Maitland Mackie
Inspiration Stories

Five Lessons Learned: Maitland 'Mac' Mackie

Family business Mackie's of Scotland has stayed committed to innovation throughout its journey. Maitland ‘Mac’ Mackie, tells us his five business lessons.

Sit down and do business as a family

When you’re a family business, it’s good practice for the family members to sit down on a reasonably regular basis and discuss their individual roles out with the normal business environment. You want to ensure that everyone’s still happy. Whereas a non-family employee might have the opportunity to share their thoughts in an appraisal, family members often fall into their roles and, once they’re established, just carry on, even if they’re not entirely happy. You have to look at the structure of the business on a family level.
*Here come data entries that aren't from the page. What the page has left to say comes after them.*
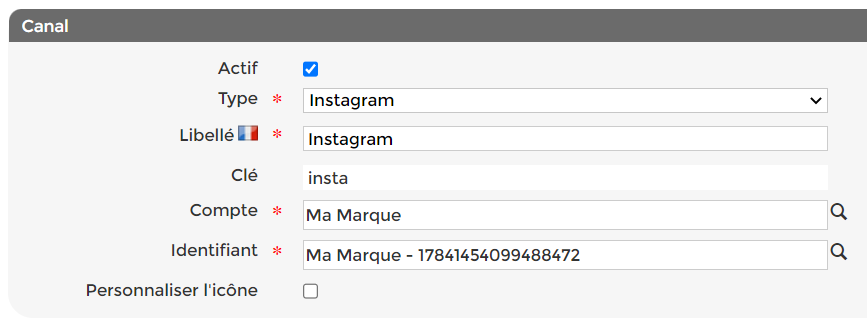 Choisissez le type de canal dans la liste déroulante : Ici “Instagram”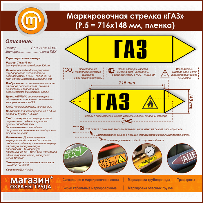 Маркировочная стрелка «ГАЗ» (P.5 = 716х148 мм, самоклеящаяся плёнка) в Магнитогорске купить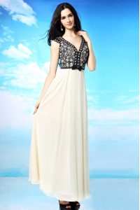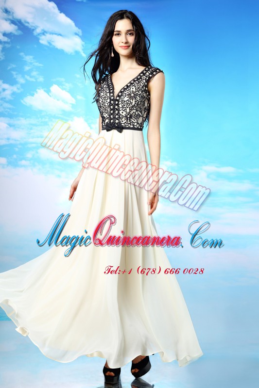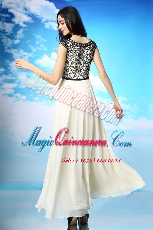 Noble White And Black Mother Of The Bride Dress Prom and Party and For with Appliques and Bowknot V-neck Cap Sleeves Side Zipper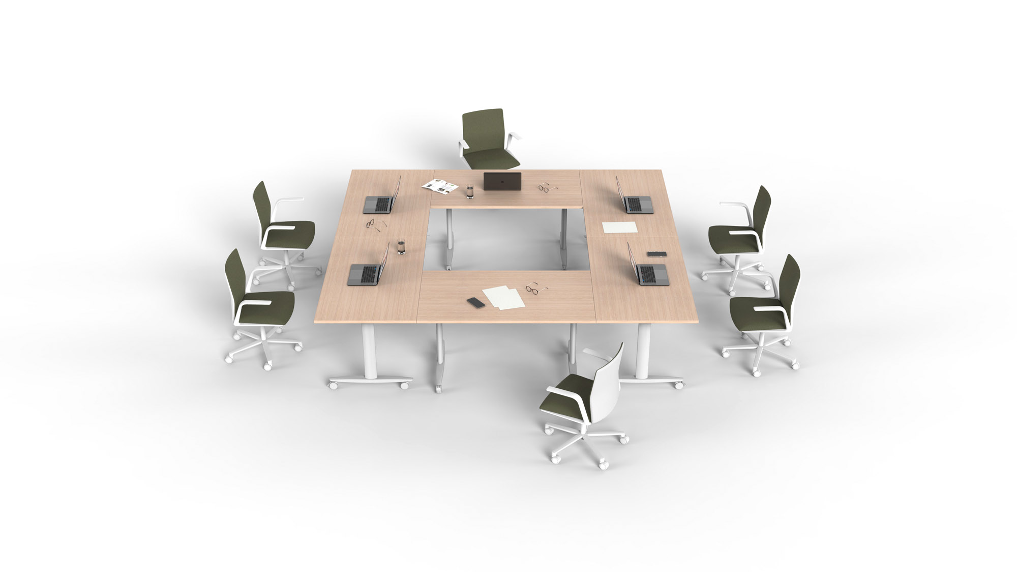 Bordi dei piani dei tavoli in abs in spessore con spigoli arrotondati.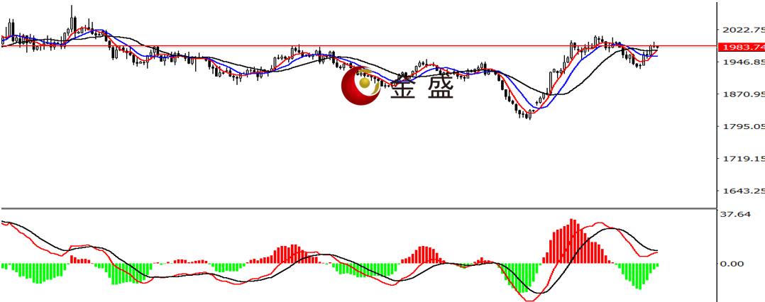 周线图,黄金未继续下行,盘中回踩上周低点止跌回升,盘中一度刷新近两周的新高,当周波动逾六十美金,最终收阳线。均线系统收敛,价格回落至布林带中轨附近。MACD指标快慢线回落至零轴一带,快慢线出现金叉,做多的动能减弱。黄金回踩布林带中轨出现较强反弹,确认1930美元一带支撑有效。近两周形成孕线结构,短期盘面或进入震荡,操作上回调低吸为主。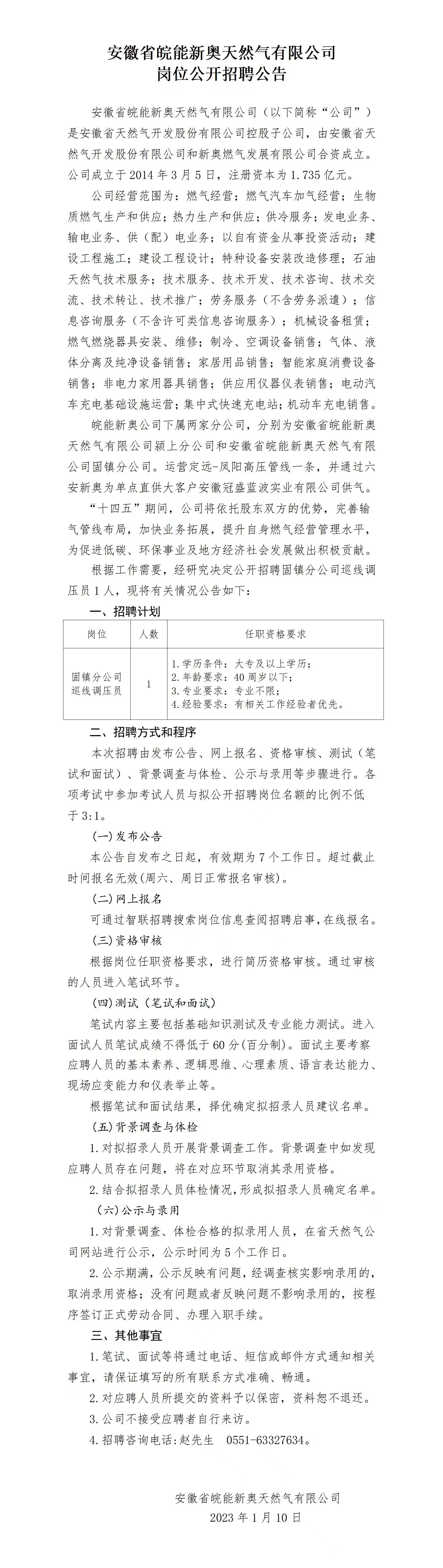 2023年安徽省皖能新奧天然氣有限公司崗位公開招聘公告

Business plans are always wrong, but…

…you need to do them. At Mackie’s, we do a five-year business plan. We know that no plan is going to unfold out exactly as planned, but it’s a solid process nonetheless. We review some of the detail annually and review our whole plan every three years in case we need to update any of our strategic thinking. It’s important to remember that not all well-run businesses make money. You need to ensure that you’re in the right business in the first instance, otherwise you can end up continually fighting fires, never able to raise your head up to see what else you could or should be doing. Our business went from farming to milk retail and eventually ice cream. The milk retail business became unprofitable for us, so we turned to something new.

Vertical integration can be the way up

As a business, we’re quite vertically integrated. We make our own electricity, our own packaging, our own ingredients, our own milk – none of these factors increase the turnover of the business per se, but they play a huge part in the business in terms of making us more efficient. Provided the business is right, vertical integration is a good way of growing your activities without increasing your reliance on external factors and suppliers.

Adapt to thrive

We’ve always wanted to keep growing our business, and whilst there is still growth potential in ice cream, we know it isn’t unlimited – and so we’ve diversified into other products that we see as a good fit with our brand, such as crisps and chocolate. As with nearly all new projects, just about everything that can go wrong will go wrong. Keep persevering and adapting what you’re trying to do; if you do, it’ll come right in the end. It probably won’t end up looking quite like what you’d envisaged in the beginning, but it will hopefully make money over time. For a lot of businesses trying to grow things that aren’t growable, it makes sense for them to think about what else they can do.

Go for a run

My last piece of advice? Play more golf or go for a run. Seriously, when running a small business you can begin to feel a bit trapped thinking that you always need to be present. There’s always something that’s not quite right – but that’s just business. By going away on a regular basis and clearing your head, I think you can make better decisions. I’ve personally found that running is a great way to think things through clearly and to come up with solutions. I’m also an advocate of simply discussing business with other people, whether that’s family or peers or anyone else. The more people with whom you discuss problems and opportunities, the more ideas and solutions you’ll come to.